Впрочем, это лишь мои попытки утешить себя. На самом деле присутствие Гиза вряд ли что-то изменило бы. Ведь он – лучший друг Александра-Эдуарда, и оба такие хитрые. Александр-Эдуард прекрасно знает, что Анри де Гиз никогда не отступится от католической веры, и при нем не позволяет себе насмешек над ней, а Гиз хорошо понимает, что Александр-Эдуард – младший брат короля, и в обращении с ним никогда не теряет необходимой почтительности.
С принцем Наваррским они оба не очень-то ладят. Александр-Эдуард вообще недавно с ним подрался, а Гиз смотрит на него свысока. Принц Наваррский совсем не такой, как они. Он приехал с юга и сорванец, каких поискать. У него нет хороших манер, да и вообще никаких манер нет – рыжий, шумный, вечно растрепанный… Судя по всему, он вырос среди крестьян: об этикете у него весьма смутные представления. Зато по части шуток и дурацких розыгрышей ему нет равных.
И, вдобавок ко всему, он на стороне протестантов, как и его мать. Впрочем, мне кажется, что у него нет серьезного отношения ни к католической, ни к протестантской вере. Хотя ему нравится, что мои братья стали смеяться над католичеством: в такие минуты он чувствует себя победителем. Он провоцирует и всячески поддерживает подобные бесчинства, а братья, похоже, даже не осознают, что находятся под его влиянием…
Во время обедов мне приходится сидеть рядом с ним за столом, потому что моя матушка выказывает его матери, Жанне д’Альбре, свою благосклонность, вот и ее сына усадила на почетное место.

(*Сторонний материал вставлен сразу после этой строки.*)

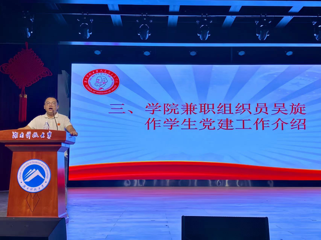 随后,吴旋从学生党建办基本构成、学院支部建设情况、学生党建办与各学生党支部的关系等方面向全体新生党员详细介绍学院学生党建工作情况。并向新生党员强调“三会一课”和主题党日活动的重要性和规范性。
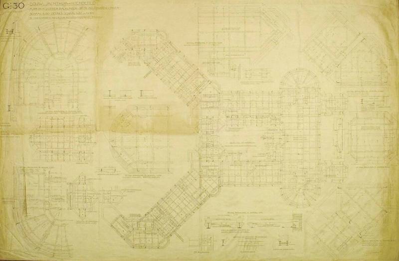 Plan der ijzeren balklagen op de bovenverdiepingen, 14 september 1916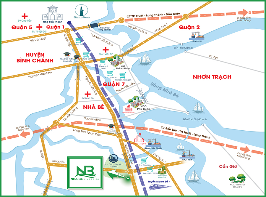 Dự án Nhà Bè Riverside nằm ngay khu vực cửa ngõ tiến vào khu Nam Sài Gòn. Từ dự án, cư dân nhanh chóng kết nối với trung tâm TP.HCM qua đường Nguyễn Văn Tạo thông ra đường Nguyễn Hữu Thọ với 6 làn xe.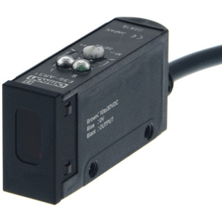 Omron E3 S fotocel reflectiesysteem, (hxbxd) 21x12x43mm, reikwijdte 2m, max. uitgangsstroom 100mA, spanningsbereik 10 - 30V, spanningstype DC, met reflector, beschermingsgraad (IP) IP67, aansluitwijze aansluitkabel, uitgang PNP, helderschakelend, donkerschakelend, afmeting 43X21X12,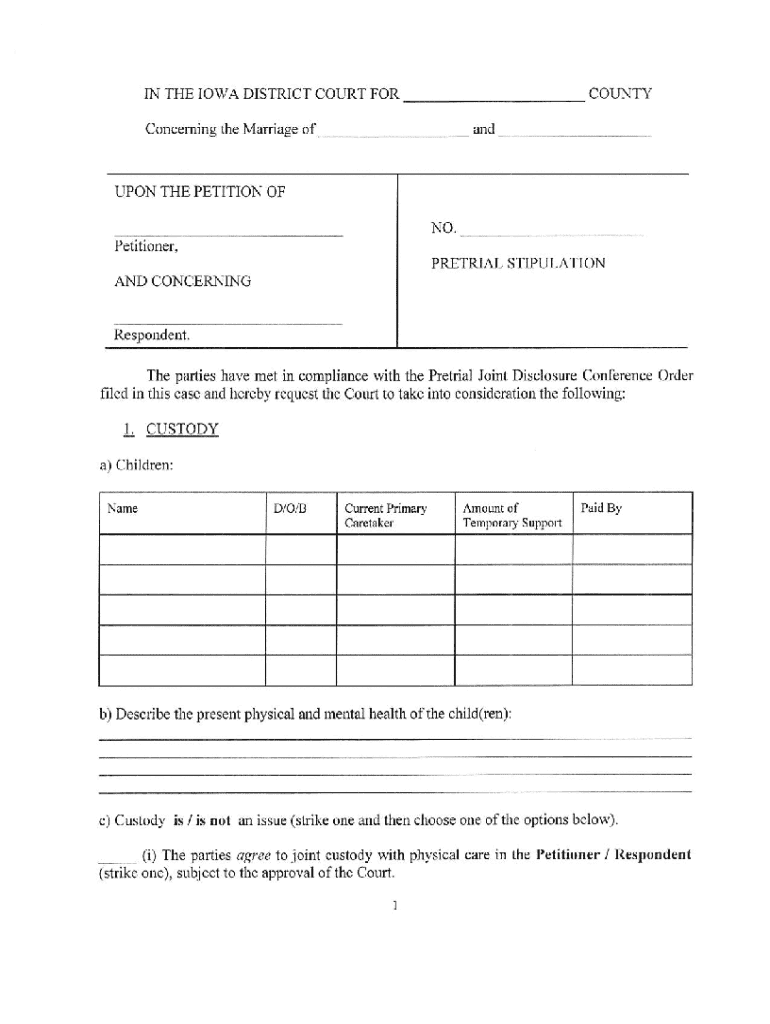 IN THE IOWA DISTRICT COURT FOR COUNTY Concerning the Marriage of and UPON THE PETITION OF Petitioner, AND CONCERNING Respondent. The parties have met in compliance with the Pretrial Joint Disclosure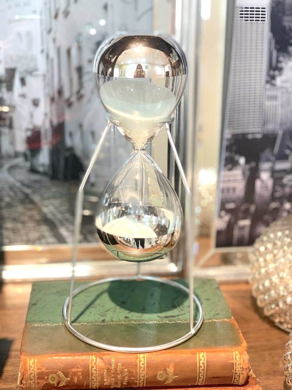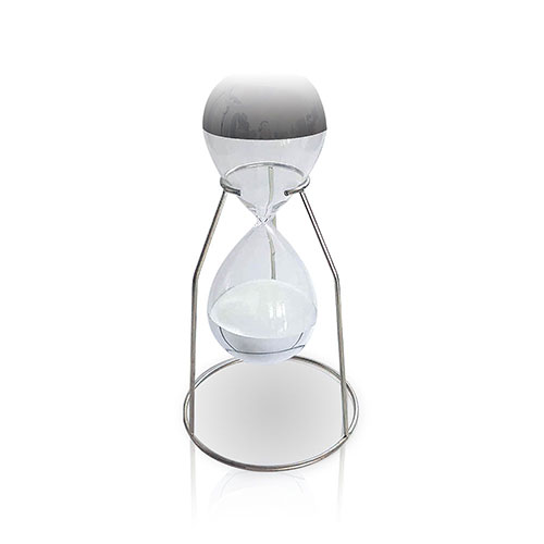 Reloj de arena con soporte de hierro plata. Marca el paso del tiempo y nos maravilla con su elegante presencia. ¡El elegido para una oficina o biblioteca! Dimensiones:13x25cm

Но я смотрю на Наваррского с опаской – никогда не знаешь, чего от него ждать. Если он сидит тихо и спокойно, это означает только, что он уже подстроил какую-нибудь шалость и ждет реакции на нее. А если он еще ничего не подстроил, то непрестанно вертится, смешит всех вокруг, безобразничает, кидается вишневыми косточками – какая невоспитанность! Впрочем, в уме ему не откажешь, шутки у него остроумные. Иногда мне стоит огромного труда не расхохотаться над очередной его проделкой, и это возмущает меня больше всего – ну почему надо смешить всех именно тогда, когда необходимо оставаться серьезными?!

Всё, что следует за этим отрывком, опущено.